## Given data
-- -- --

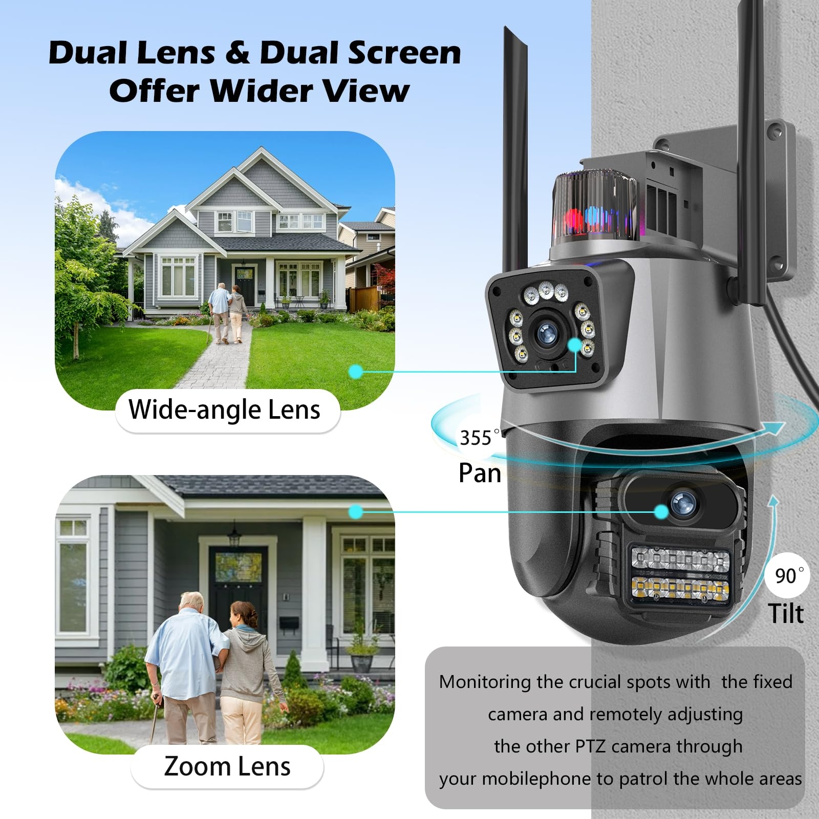 Lentilă dublă – acoperire extinsă și unghiuri multiple de monitorizare
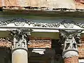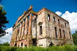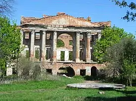 В состав усадьбы входят руинированный господский дом, флигели (два из четырёх уничтожены в постсоветское время), парадный двор с фонтаном, парк с липовыми аллеями. Особенности постройки — греческий портик под низким фронтоном, полукруглые трехчастные окна, итальянские арки в цокольной части.
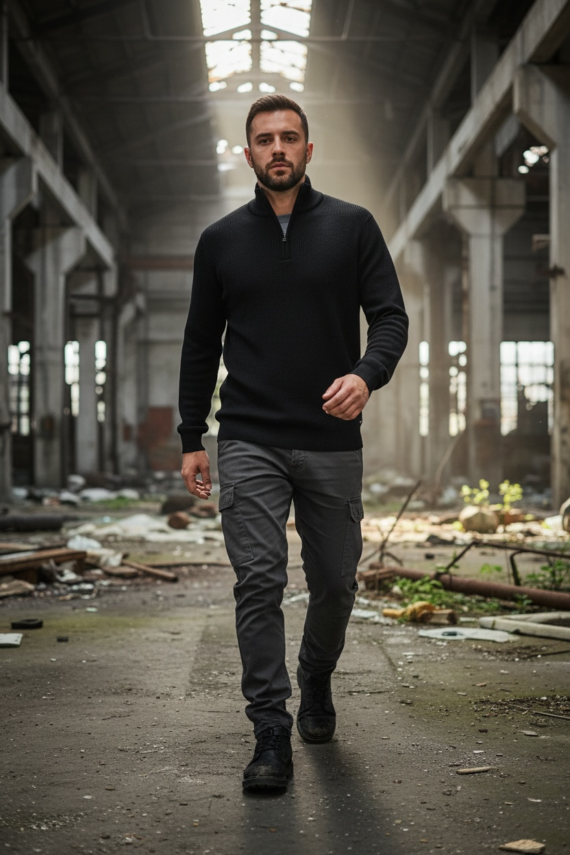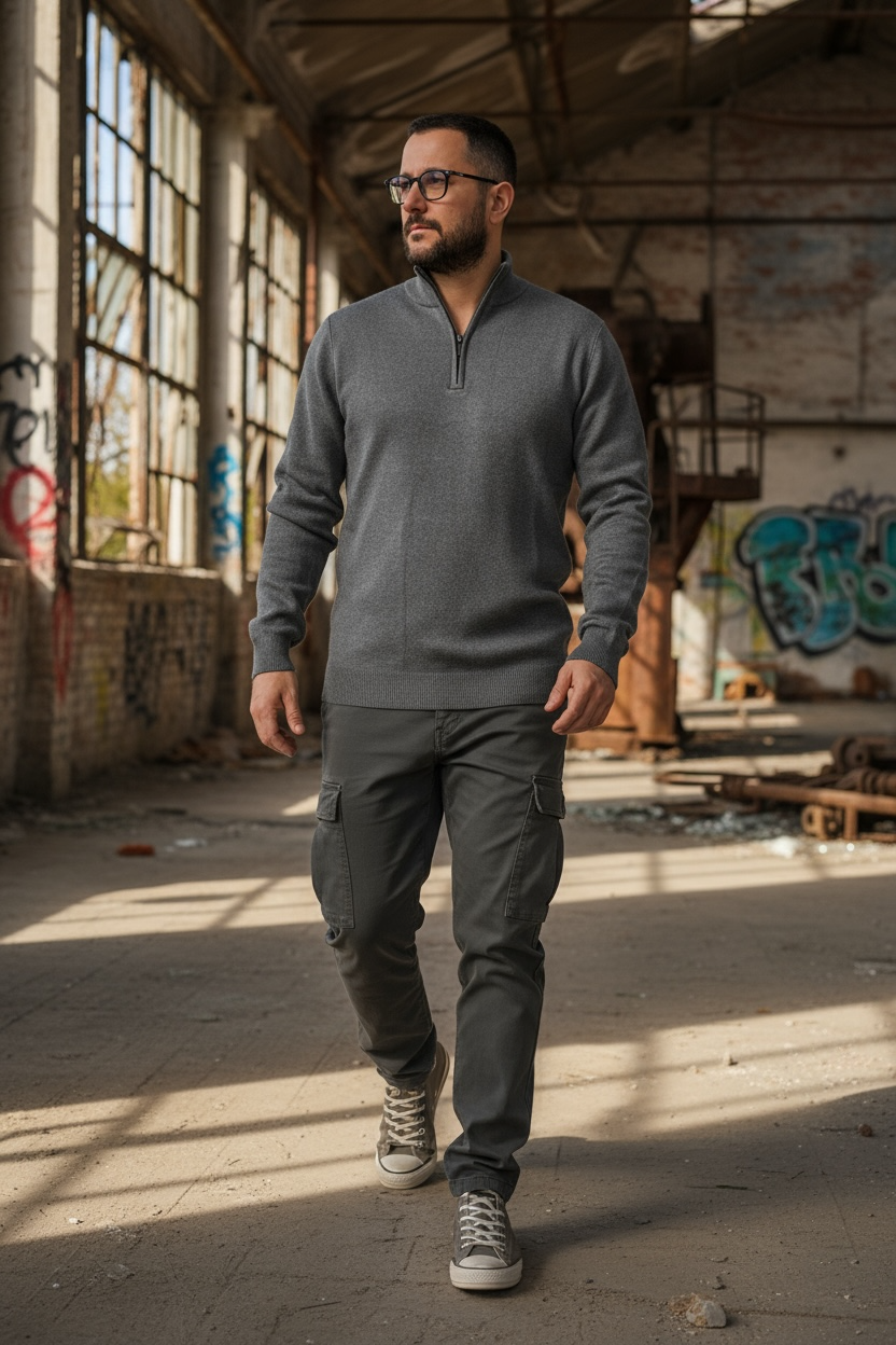 Το μοντέλο είναι 1,77 ύψος και 85 κιλά και φοράει large

-- -- --

## What the task asks
Please copy the lines above exactly as written, apart from any pictures.

## Task solution
 Lentilă dublă – acoperire extinsă și unghiuri multiple de monitorizare
 В состав усадьбы входят руинированный господский дом, флигели (два из четырёх уничтожены в постсоветское время), парадный двор с фонтаном, парк с липовыми аллеями. Особенности постройки — греческий портик под низким фронтоном, полукруглые трехчастные окна, итальянские арки в цокольной части.
 Το μοντέλο είναι 1,77 ύψος και 85 κιλά και φοράει large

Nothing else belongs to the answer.